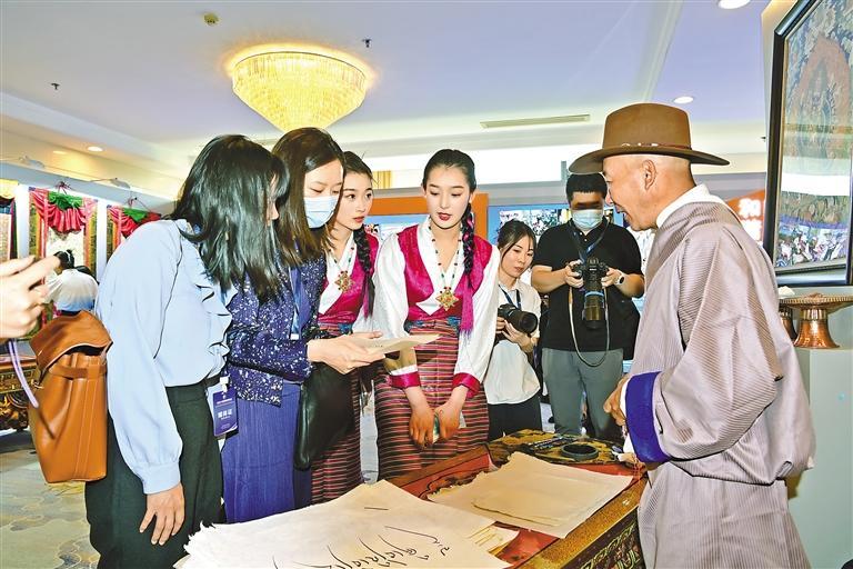 圖為在“2023·中國西藏發(fā)展論壇”上,西藏書法家向嘉賓介紹藏文書法。記者 旦增西旦 攝
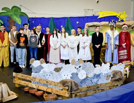 2023-12-23 Jasełka Bożonarodzeniowe Jasełka to widowisko o Bożym Narodzeniu, które od wieków wpisane jest w polską tradycję oraz corocznie jest wystawiane w naszej szkole. Tegoroczne „Jasełka na wesoło” w naszej szkole zostały przygotowane przez ponad czterdziestu uczniów pod opieką katechety pana Mirosława Kity.
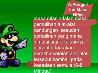 Dokumen tersebut membahas tentang pengertian, tujuan, peranan bidan, asuhan dan kebutuhan dasar masa nifas. Masa nifas adalah masa pemulihan sesudah persalinan selama 6-8 minggu. Tujuan asuhan masa nifas adalah meningkatkan kesejahteraan ibu dan bayi serta mencegah komplikasi. Peranan bidan adalah memberikan asuhan kesehatan dan pendampingan kepada ibu nifas. Asuhan masa nif
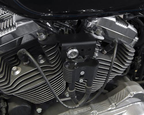 07年式降のスポーツスターに適合するIGコイル移設ステーです。 始めからそうだったかの様に、IGコイル及びメインキーを移設出来る設計となっています。 |
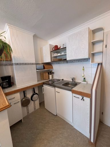 In der kleinen, aber gut ausgestatteten Küchenzeile finden Sie eine Kühl-Gefrier-Kombination, zwei Kochplatten und alle wichtigen Küchenutensilien für Ihren Aufenthalt.
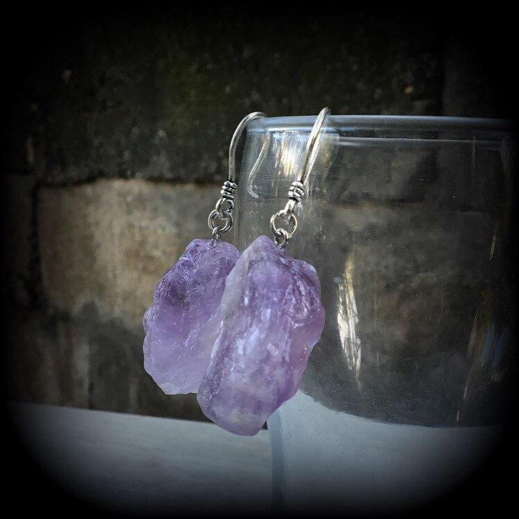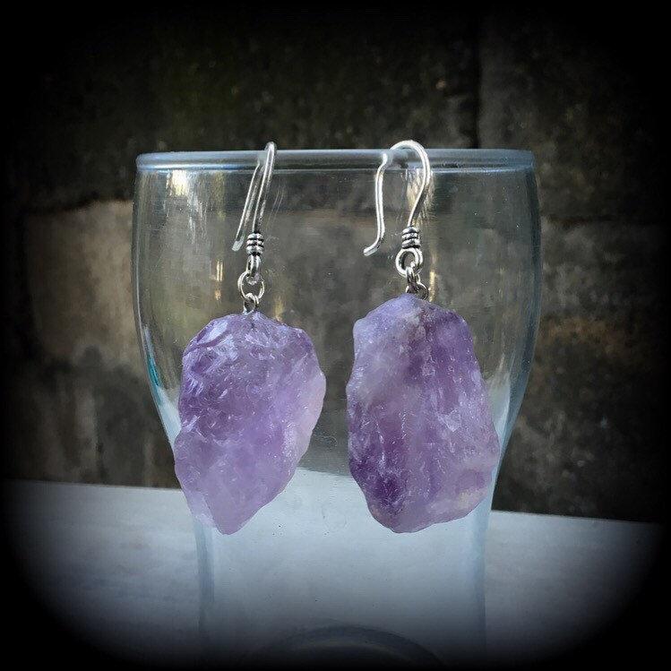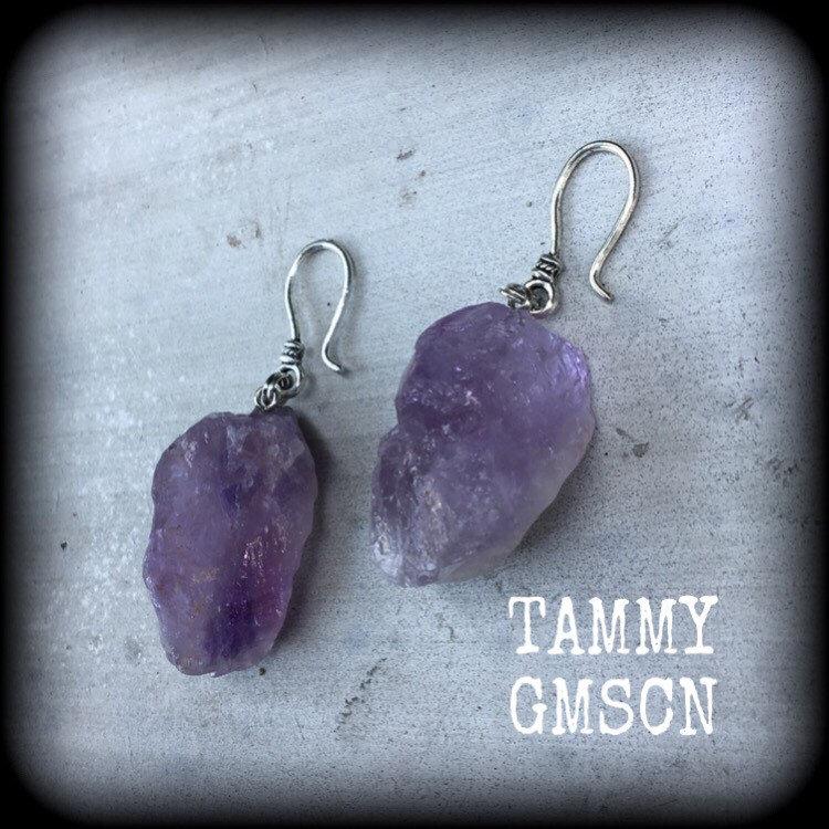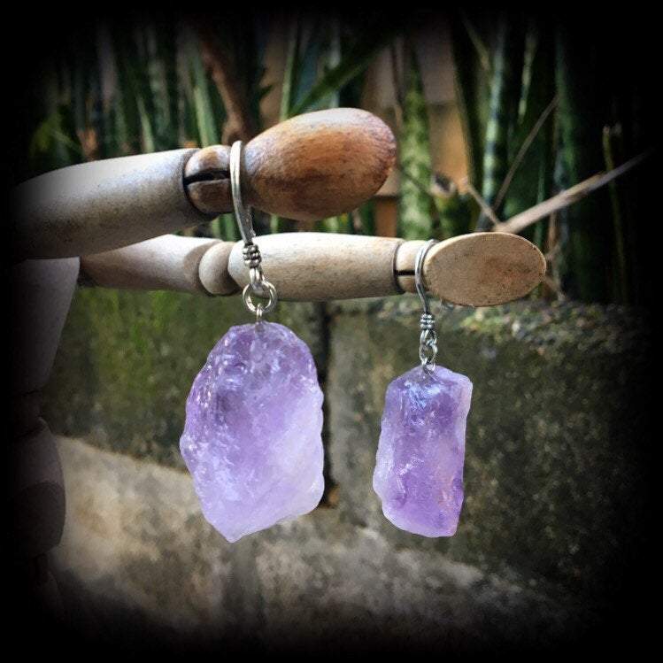 From the Gemstone Fossil Wood range are these gorgeous raw rock Amethyst Quartz Ear weights, made with small antique shepherd hooks to be worn specifically through earlets in stretched lobes.
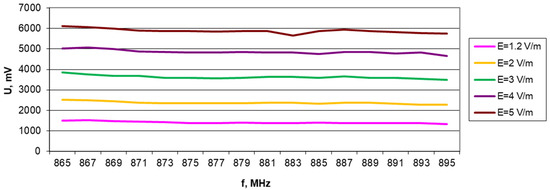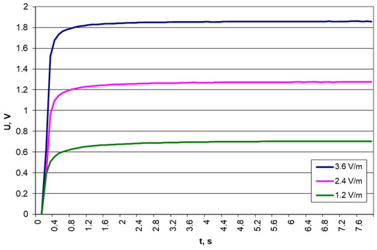 Results of voltage measurements on a 1000 μF capacitor for different electric field strengths and a frequency of 879.5 MHz.
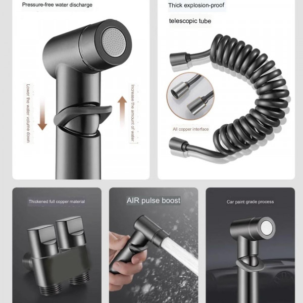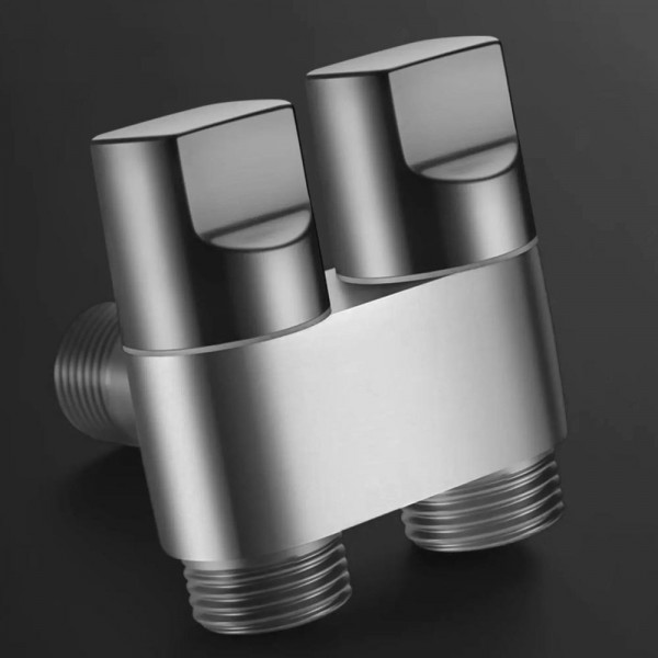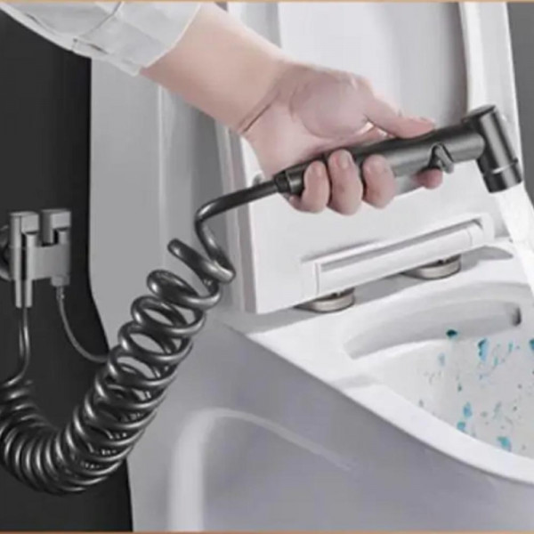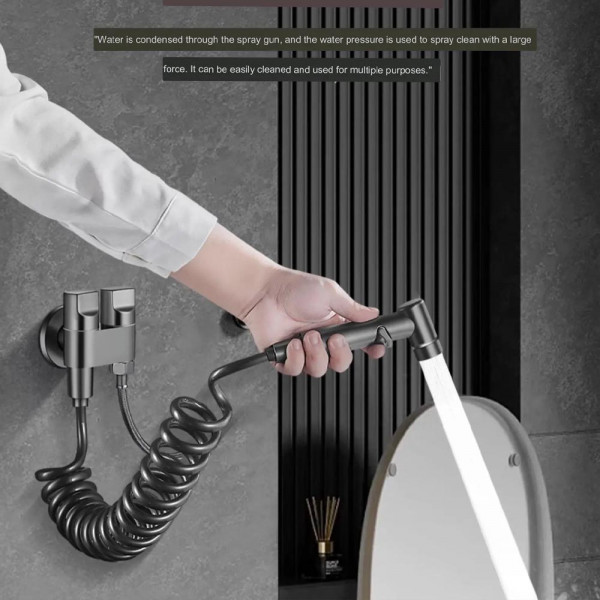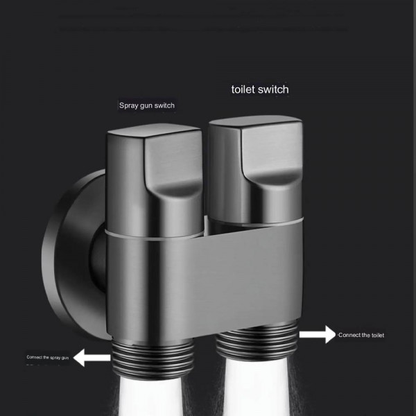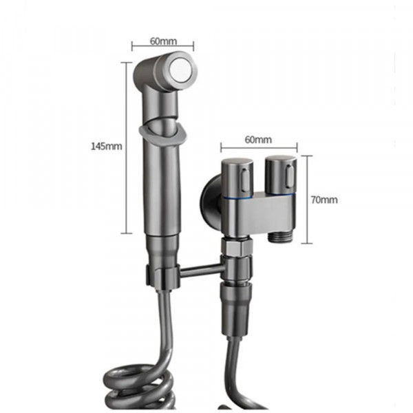 Душ комплект за биде с пръскачка за вода за тоалетна, спестяване на място, двойно управление, изход „един в два“, ъглов вентил

--------

» **To do**
With the pictures removed, return the listing above in its exact original wording.

» **Result of the exercise**
 圖為在“2023·中國西藏發(fā)展論壇”上,西藏書法家向嘉賓介紹藏文書法。記者 旦增西旦 攝
 2023-12-23 Jasełka Bożonarodzeniowe Jasełka to widowisko o Bożym Narodzeniu, które od wieków wpisane jest w polską tradycję oraz corocznie jest wystawiane w naszej szkole. Tegoroczne „Jasełka na wesoło” w naszej szkole zostały przygotowane przez ponad czterdziestu uczniów pod opieką katechety pana Mirosława Kity.
 Dokumen tersebut membahas tentang pengertian, tujuan, peranan bidan, asuhan dan kebutuhan dasar masa nifas. Masa nifas adalah masa pemulihan sesudah persalinan selama 6-8 minggu. Tujuan asuhan masa nifas adalah meningkatkan kesejahteraan ibu dan bayi serta mencegah komplikasi. Peranan bidan adalah memberikan asuhan kesehatan dan pendampingan kepada ibu nifas. Asuhan masa nif
 07年式降のスポーツスターに適合するIGコイル移設ステーです。 始めからそうだったかの様に、IGコイル及びメインキーを移設出来る設計となっています。 |
 In der kleinen, aber gut ausgestatteten Küchenzeile finden Sie eine Kühl-Gefrier-Kombination, zwei Kochplatten und alle wichtigen Küchenutensilien für Ihren Aufenthalt.
 From the Gemstone Fossil Wood range are these gorgeous raw rock Amethyst Quartz Ear weights, made with small antique shepherd hooks to be worn specifically through earlets in stretched lobes.
 Results of voltage measurements on a 1000 μF capacitor for different electric field strengths and a frequency of 879.5 MHz.
 Душ комплект за биде с пръскачка за вода за тоалетна, спестяване на място, двойно управление, изход „един в два“, ъглов вентил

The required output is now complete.